* **Task data**:
++++++

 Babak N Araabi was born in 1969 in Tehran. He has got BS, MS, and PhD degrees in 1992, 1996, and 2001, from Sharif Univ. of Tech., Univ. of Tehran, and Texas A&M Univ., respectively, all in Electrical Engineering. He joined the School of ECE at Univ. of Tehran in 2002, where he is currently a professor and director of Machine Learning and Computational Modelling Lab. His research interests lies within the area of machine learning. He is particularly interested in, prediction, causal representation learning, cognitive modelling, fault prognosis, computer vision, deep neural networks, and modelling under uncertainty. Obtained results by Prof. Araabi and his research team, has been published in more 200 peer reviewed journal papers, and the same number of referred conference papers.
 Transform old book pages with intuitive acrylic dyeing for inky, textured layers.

++++++

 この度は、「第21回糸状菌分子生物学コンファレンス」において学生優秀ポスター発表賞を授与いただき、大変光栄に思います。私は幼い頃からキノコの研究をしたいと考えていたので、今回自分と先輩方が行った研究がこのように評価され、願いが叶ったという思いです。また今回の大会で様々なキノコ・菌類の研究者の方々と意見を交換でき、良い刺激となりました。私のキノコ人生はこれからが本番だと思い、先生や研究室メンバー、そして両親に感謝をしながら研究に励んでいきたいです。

++++++

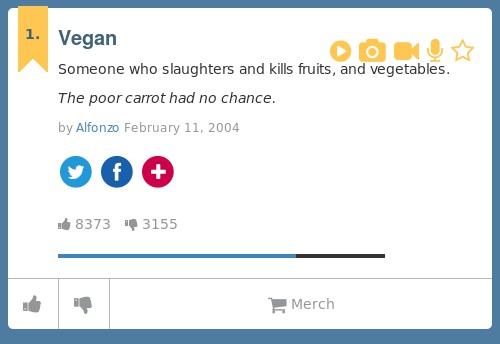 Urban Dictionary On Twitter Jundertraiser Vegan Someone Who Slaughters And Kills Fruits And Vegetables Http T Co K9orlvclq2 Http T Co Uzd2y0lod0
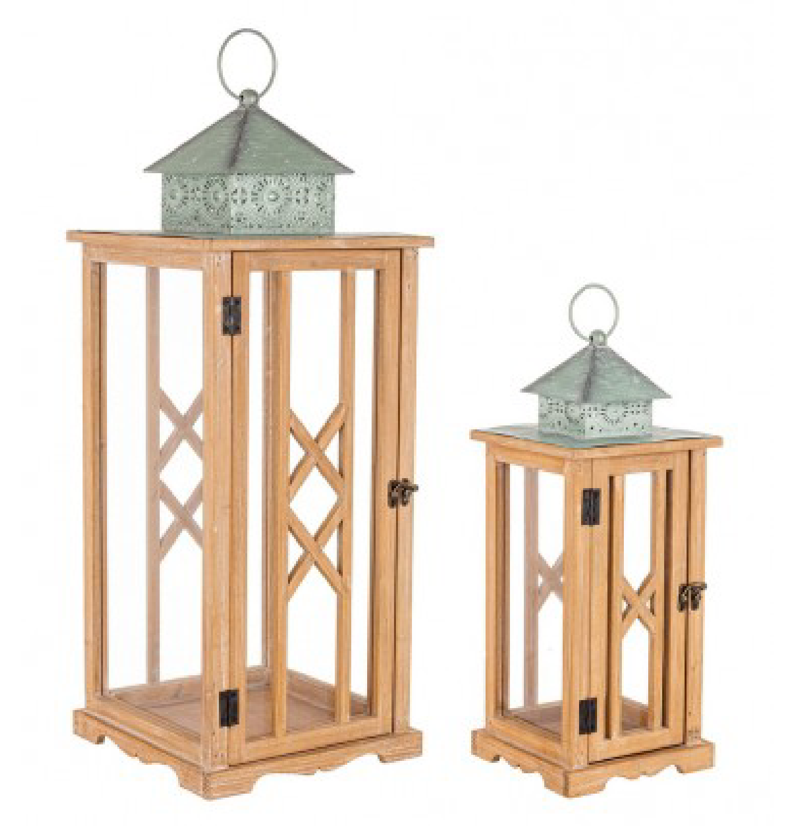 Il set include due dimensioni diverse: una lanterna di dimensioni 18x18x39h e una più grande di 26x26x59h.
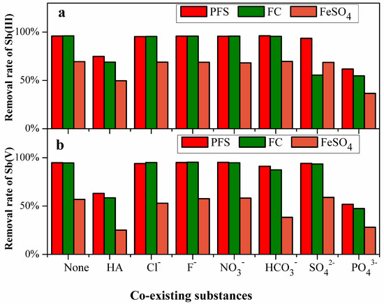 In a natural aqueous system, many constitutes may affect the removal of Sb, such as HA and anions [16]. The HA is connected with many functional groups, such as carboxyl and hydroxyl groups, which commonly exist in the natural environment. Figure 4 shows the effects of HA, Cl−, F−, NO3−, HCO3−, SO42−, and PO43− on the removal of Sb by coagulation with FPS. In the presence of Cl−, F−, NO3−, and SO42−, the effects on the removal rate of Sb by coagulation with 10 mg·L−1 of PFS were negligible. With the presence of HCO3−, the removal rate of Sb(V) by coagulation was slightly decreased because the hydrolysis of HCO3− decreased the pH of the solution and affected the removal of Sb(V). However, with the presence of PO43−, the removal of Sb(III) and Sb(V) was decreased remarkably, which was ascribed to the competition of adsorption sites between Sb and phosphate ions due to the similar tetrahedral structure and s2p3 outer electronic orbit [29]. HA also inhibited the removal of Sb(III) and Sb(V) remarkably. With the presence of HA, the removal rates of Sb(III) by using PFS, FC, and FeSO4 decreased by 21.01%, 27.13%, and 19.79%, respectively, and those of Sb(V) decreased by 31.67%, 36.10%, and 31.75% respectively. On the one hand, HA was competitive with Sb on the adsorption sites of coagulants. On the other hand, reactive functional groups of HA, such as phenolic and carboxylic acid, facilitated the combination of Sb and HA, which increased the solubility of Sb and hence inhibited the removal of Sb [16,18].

++++++

* **What the exercise asks**: In the listing above, find the line with "Urban Dictionary On" and the line with "Il set include". Set down exactly those lines and everything between them, skipping pictures.

* **Task output**:
 Urban Dictionary On Twitter Jundertraiser Vegan Someone Who Slaughters And Kills Fruits And Vegetables Http T Co K9orlvclq2 Http T Co Uzd2y0lod0
 Il set include due dimensioni diverse: una lanterna di dimensioni 18x18x39h e una più grande di 26x26x59h.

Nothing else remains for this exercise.